[Items listed in a dataset]
● ● ● ● ● ● ●
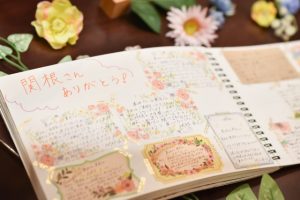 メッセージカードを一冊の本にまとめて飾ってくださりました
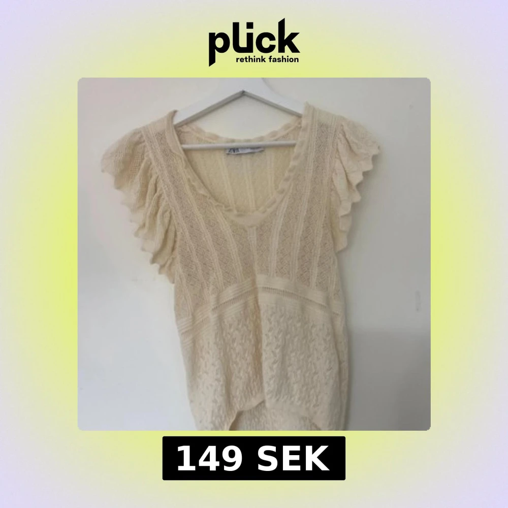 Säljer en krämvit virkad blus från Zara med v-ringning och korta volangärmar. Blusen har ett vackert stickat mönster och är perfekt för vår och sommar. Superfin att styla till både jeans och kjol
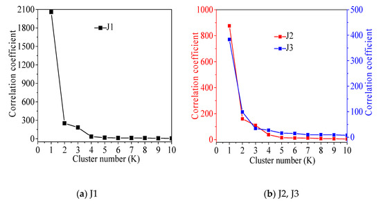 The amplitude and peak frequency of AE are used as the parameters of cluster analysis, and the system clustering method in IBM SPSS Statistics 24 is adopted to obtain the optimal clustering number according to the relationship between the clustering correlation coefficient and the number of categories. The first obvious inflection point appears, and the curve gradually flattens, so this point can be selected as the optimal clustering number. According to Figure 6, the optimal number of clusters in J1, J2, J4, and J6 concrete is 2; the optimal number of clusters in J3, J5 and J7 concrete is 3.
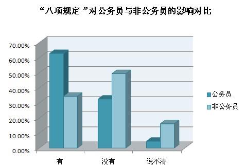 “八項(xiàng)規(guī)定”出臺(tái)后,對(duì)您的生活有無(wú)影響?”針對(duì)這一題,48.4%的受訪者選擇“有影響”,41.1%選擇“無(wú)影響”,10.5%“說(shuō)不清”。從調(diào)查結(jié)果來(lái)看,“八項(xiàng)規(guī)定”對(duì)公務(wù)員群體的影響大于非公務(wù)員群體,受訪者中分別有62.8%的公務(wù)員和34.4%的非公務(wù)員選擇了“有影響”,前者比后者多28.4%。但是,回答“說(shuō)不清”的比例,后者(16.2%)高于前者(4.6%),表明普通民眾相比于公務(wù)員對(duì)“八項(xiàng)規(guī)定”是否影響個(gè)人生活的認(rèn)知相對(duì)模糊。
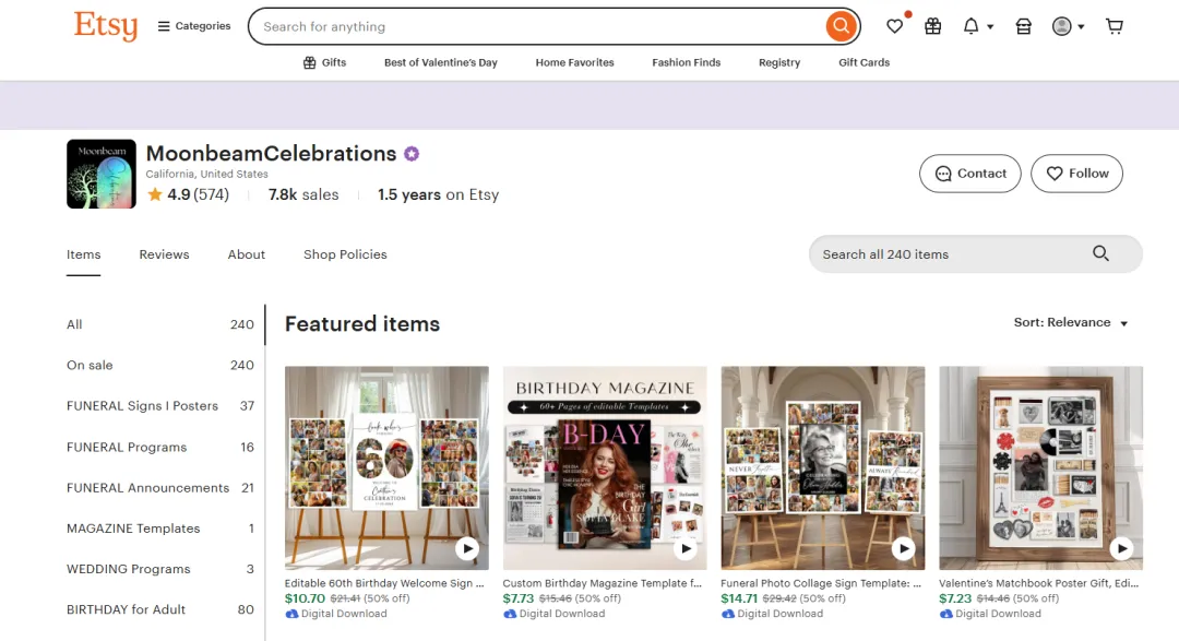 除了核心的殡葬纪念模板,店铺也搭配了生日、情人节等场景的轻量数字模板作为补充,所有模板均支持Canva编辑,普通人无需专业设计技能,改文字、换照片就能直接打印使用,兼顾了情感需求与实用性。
● ● ● ● ● ● ●
* Work instructions *
Your answer must restate the entries word for word and contain no pictures.

* Exercise solution *
 メッセージカードを一冊の本にまとめて飾ってくださりました
 Säljer en krämvit virkad blus från Zara med v-ringning och korta volangärmar. Blusen har ett vackert stickat mönster och är perfekt för vår och sommar. Superfin att styla till både jeans och kjol
 The amplitude and peak frequency of AE are used as the parameters of cluster analysis, and the system clustering method in IBM SPSS Statistics 24 is adopted to obtain the optimal clustering number according to the relationship between the clustering correlation coefficient and the number of categories. The first obvious inflection point appears, and the curve gradually flattens, so this point can be selected as the optimal clustering number. According to Figure 6, the optimal number of clusters in J1, J2, J4, and J6 concrete is 2; the optimal number of clusters in J3, J5 and J7 concrete is 3.
 “八項(xiàng)規(guī)定”出臺(tái)后,對(duì)您的生活有無(wú)影響?”針對(duì)這一題,48.4%的受訪者選擇“有影響”,41.1%選擇“無(wú)影響”,10.5%“說(shuō)不清”。從調(diào)查結(jié)果來(lái)看,“八項(xiàng)規(guī)定”對(duì)公務(wù)員群體的影響大于非公務(wù)員群體,受訪者中分別有62.8%的公務(wù)員和34.4%的非公務(wù)員選擇了“有影響”,前者比后者多28.4%。但是,回答“說(shuō)不清”的比例,后者(16.2%)高于前者(4.6%),表明普通民眾相比于公務(wù)員對(duì)“八項(xiàng)規(guī)定”是否影響個(gè)人生活的認(rèn)知相對(duì)模糊。
 除了核心的殡葬纪念模板,店铺也搭配了生日、情人节等场景的轻量数字模板作为补充,所有模板均支持Canva编辑,普通人无需专业设计技能,改文字、换照片就能直接打印使用,兼顾了情感需求与实用性。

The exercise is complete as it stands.